Top of DATA PROVIDED

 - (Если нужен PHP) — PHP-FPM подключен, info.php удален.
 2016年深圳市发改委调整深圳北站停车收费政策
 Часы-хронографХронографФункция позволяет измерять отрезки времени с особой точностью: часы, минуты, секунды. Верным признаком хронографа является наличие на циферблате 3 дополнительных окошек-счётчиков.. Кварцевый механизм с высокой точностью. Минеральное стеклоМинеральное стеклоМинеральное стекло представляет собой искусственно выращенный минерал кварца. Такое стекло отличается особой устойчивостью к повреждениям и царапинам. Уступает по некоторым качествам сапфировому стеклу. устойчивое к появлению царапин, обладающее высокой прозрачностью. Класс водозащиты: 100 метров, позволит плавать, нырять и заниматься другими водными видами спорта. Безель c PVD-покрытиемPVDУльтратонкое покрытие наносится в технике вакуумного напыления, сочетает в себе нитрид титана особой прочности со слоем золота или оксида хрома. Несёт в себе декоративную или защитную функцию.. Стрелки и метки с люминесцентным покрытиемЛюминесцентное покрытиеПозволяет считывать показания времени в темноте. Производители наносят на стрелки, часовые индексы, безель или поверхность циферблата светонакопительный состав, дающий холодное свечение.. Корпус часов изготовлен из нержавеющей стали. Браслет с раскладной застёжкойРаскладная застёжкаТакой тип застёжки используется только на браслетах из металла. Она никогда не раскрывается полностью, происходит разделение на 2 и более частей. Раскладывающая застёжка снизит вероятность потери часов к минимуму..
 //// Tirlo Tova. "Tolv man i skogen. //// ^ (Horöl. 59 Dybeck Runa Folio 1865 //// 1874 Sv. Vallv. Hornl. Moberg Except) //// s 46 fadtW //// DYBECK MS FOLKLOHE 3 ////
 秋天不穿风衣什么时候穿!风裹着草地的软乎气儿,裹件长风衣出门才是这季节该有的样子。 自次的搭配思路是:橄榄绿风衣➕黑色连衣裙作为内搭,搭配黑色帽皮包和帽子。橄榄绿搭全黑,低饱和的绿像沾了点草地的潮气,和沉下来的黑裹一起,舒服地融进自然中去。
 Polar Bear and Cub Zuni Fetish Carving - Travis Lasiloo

Bottom of DATA PROVIDED
Top of DATA PROVIDED

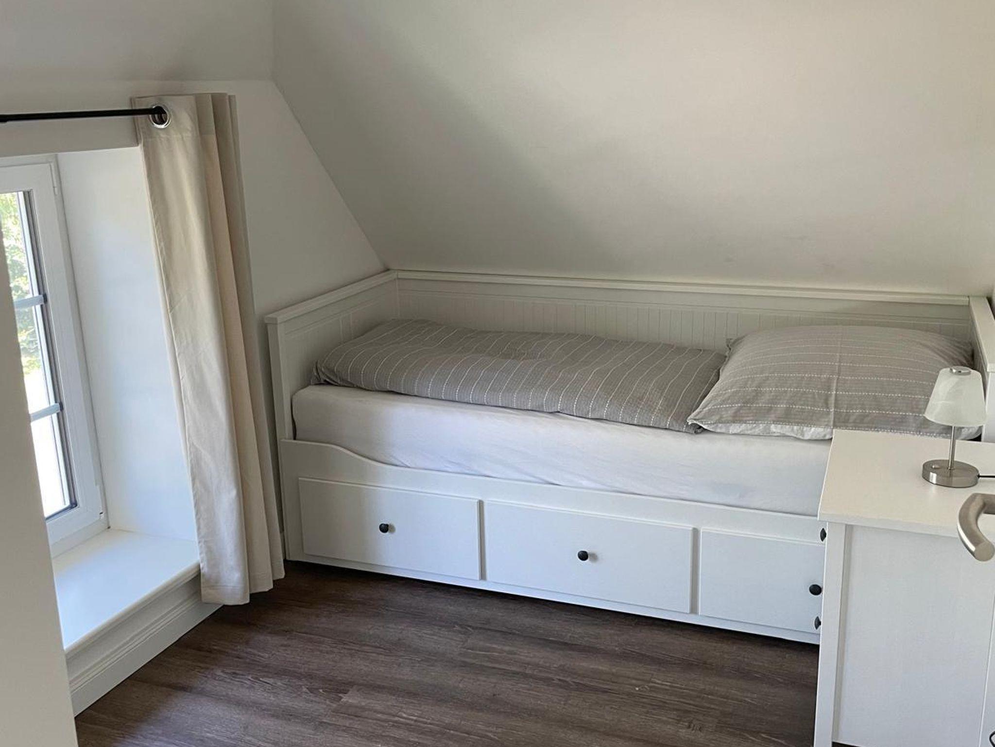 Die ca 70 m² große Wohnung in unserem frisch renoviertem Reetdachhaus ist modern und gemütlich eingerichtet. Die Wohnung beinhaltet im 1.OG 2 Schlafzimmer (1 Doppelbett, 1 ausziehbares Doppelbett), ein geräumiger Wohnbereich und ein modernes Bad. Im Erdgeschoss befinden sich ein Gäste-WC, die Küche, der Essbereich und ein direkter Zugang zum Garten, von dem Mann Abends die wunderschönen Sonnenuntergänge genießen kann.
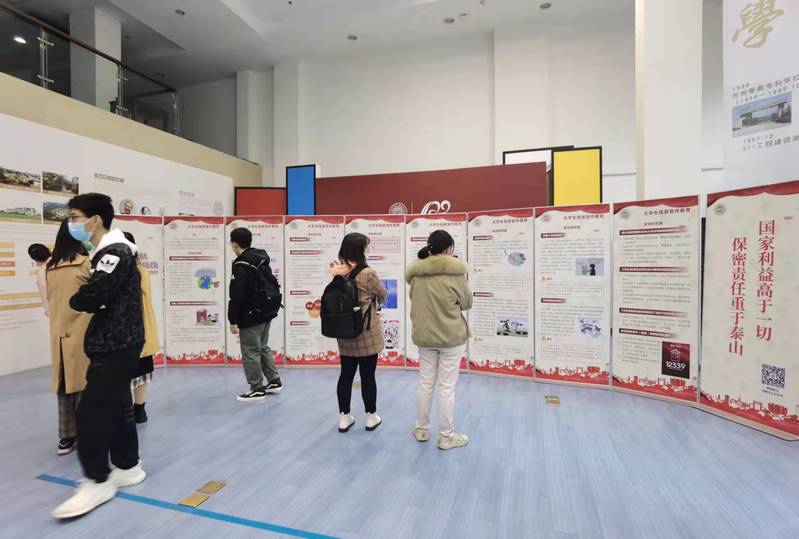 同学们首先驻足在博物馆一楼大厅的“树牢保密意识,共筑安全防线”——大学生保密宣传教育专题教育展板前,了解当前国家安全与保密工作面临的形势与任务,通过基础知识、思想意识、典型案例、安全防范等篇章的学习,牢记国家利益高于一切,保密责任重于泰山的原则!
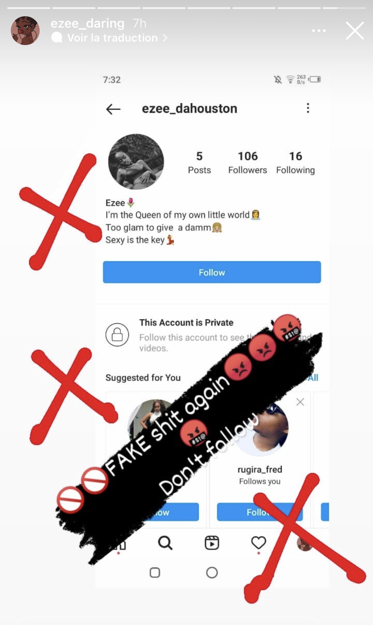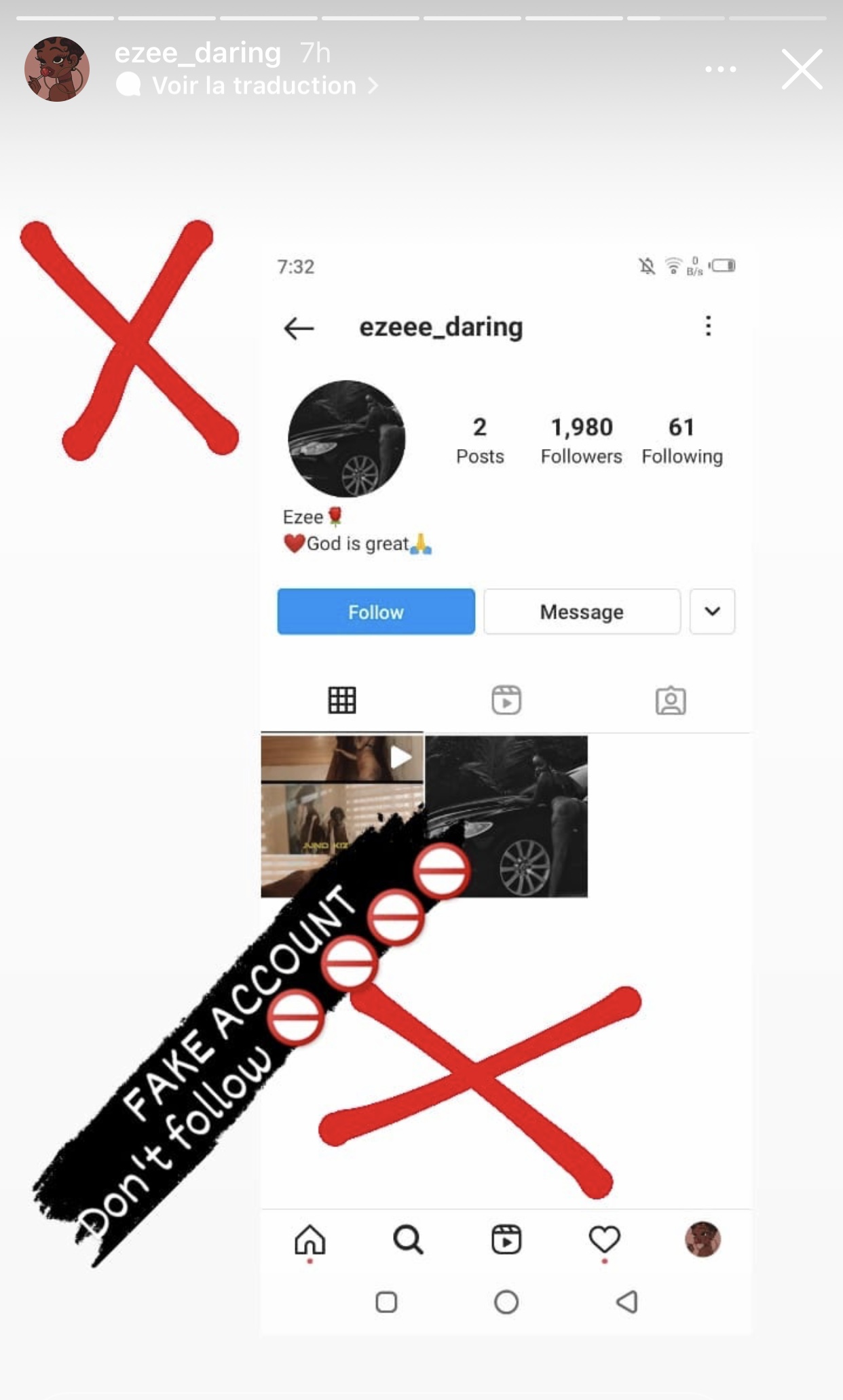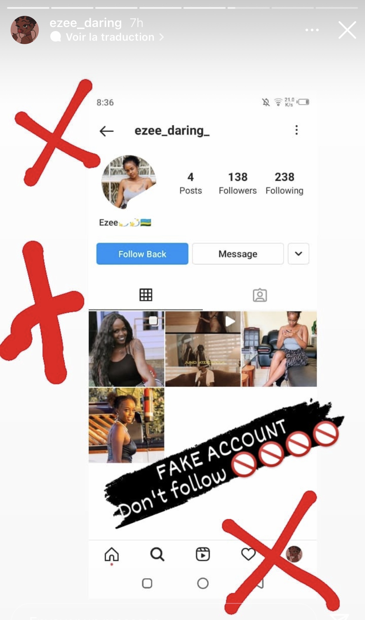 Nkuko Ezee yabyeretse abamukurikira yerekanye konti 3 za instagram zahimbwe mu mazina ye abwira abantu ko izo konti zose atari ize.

Bottom of DATA PROVIDED

> _PROBLEM_:
Please copy the lines in the records above between the one holding "秋天不穿风衣什么时候穿!风裹" and the one holding "Polar Bear and", inclusive, exactly and with no other line.

> _RESPONSE TO THE TASK_:
 秋天不穿风衣什么时候穿!风裹着草地的软乎气儿,裹件长风衣出门才是这季节该有的样子。 自次的搭配思路是:橄榄绿风衣➕黑色连衣裙作为内搭,搭配黑色帽皮包和帽子。橄榄绿搭全黑,低饱和的绿像沾了点草地的潮气,和沉下来的黑裹一起,舒服地融进自然中去。
 Polar Bear and Cub Zuni Fetish Carving - Travis Lasiloo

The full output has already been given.